Repeat the records exactly, with one exception: no images.

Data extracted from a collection
<<<<

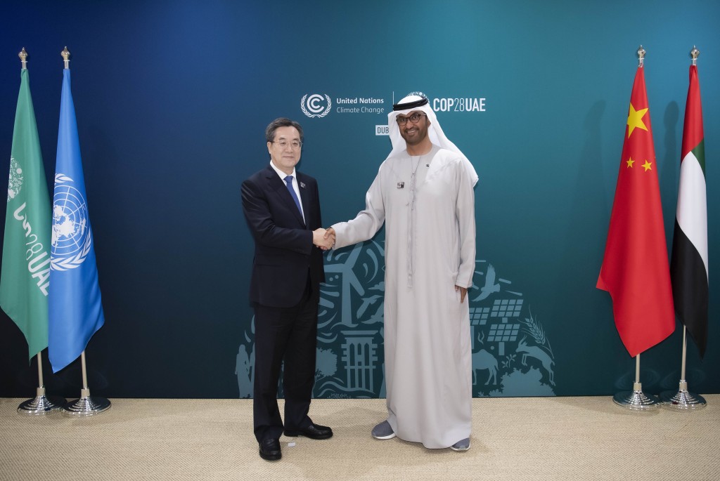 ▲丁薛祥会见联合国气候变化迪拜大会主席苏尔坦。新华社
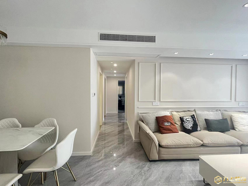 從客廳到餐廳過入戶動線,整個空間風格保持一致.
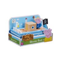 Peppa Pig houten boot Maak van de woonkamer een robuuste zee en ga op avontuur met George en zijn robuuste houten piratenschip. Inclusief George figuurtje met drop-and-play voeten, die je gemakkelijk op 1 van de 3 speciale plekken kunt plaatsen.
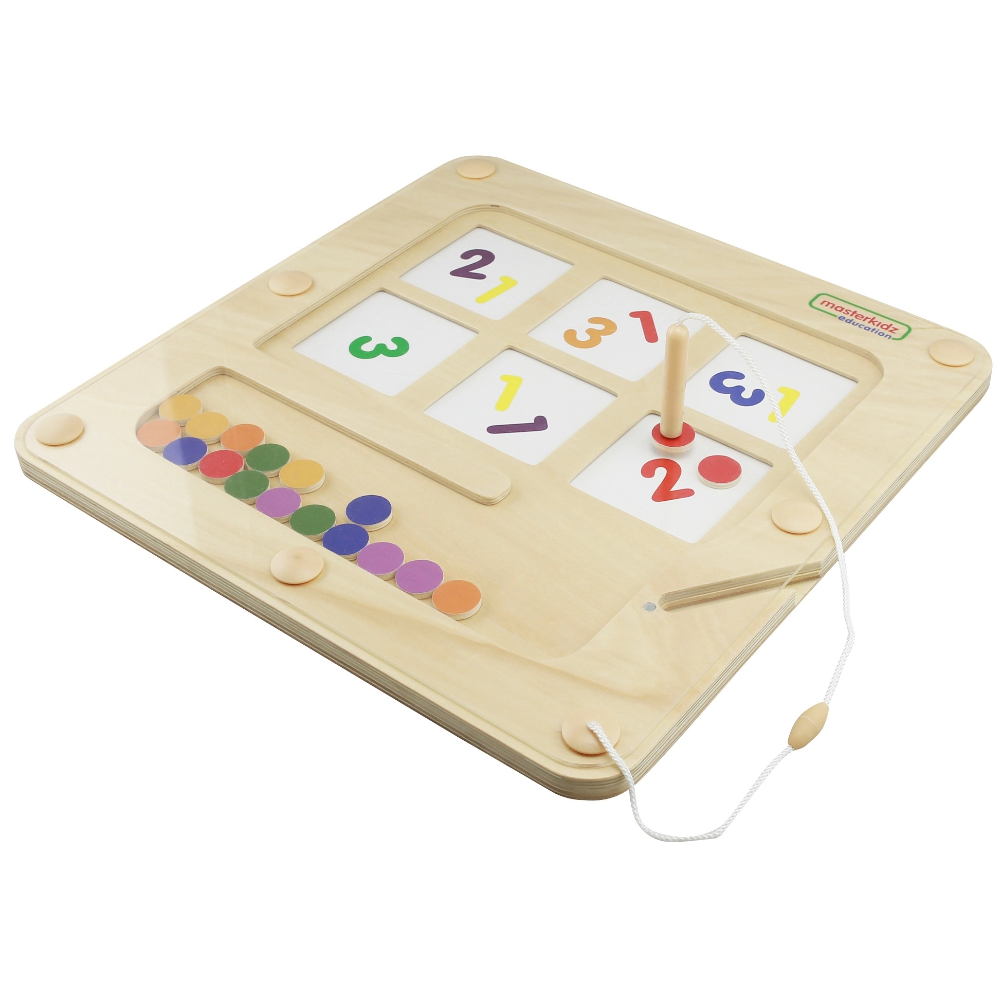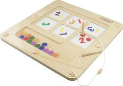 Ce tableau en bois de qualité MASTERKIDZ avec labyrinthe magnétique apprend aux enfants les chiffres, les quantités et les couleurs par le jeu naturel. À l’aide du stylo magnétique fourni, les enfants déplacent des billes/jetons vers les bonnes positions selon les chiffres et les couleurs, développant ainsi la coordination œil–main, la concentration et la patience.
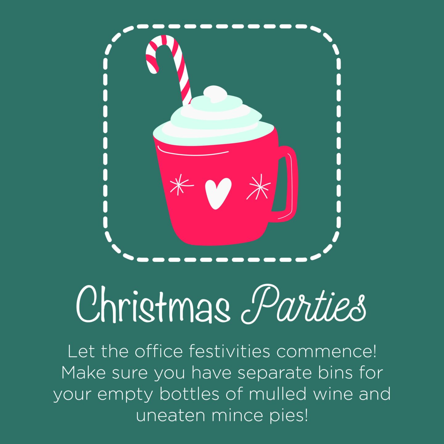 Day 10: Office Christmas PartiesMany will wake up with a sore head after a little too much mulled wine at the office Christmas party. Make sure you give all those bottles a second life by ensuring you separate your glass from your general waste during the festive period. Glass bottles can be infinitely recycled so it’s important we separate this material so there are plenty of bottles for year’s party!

>>>>

TASK RESPONSE
 ▲丁薛祥会见联合国气候变化迪拜大会主席苏尔坦。新华社
 從客廳到餐廳過入戶動線,整個空間風格保持一致.
 Peppa Pig houten boot Maak van de woonkamer een robuuste zee en ga op avontuur met George en zijn robuuste houten piratenschip. Inclusief George figuurtje met drop-and-play voeten, die je gemakkelijk op 1 van de 3 speciale plekken kunt plaatsen.
 Ce tableau en bois de qualité MASTERKIDZ avec labyrinthe magnétique apprend aux enfants les chiffres, les quantités et les couleurs par le jeu naturel. À l’aide du stylo magnétique fourni, les enfants déplacent des billes/jetons vers les bonnes positions selon les chiffres et les couleurs, développant ainsi la coordination œil–main, la concentration et la patience.
 Day 10: Office Christmas PartiesMany will wake up with a sore head after a little too much mulled wine at the office Christmas party. Make sure you give all those bottles a second life by ensuring you separate your glass from your general waste during the festive period. Glass bottles can be infinitely recycled so it’s important we separate this material so there are plenty of bottles for year’s party!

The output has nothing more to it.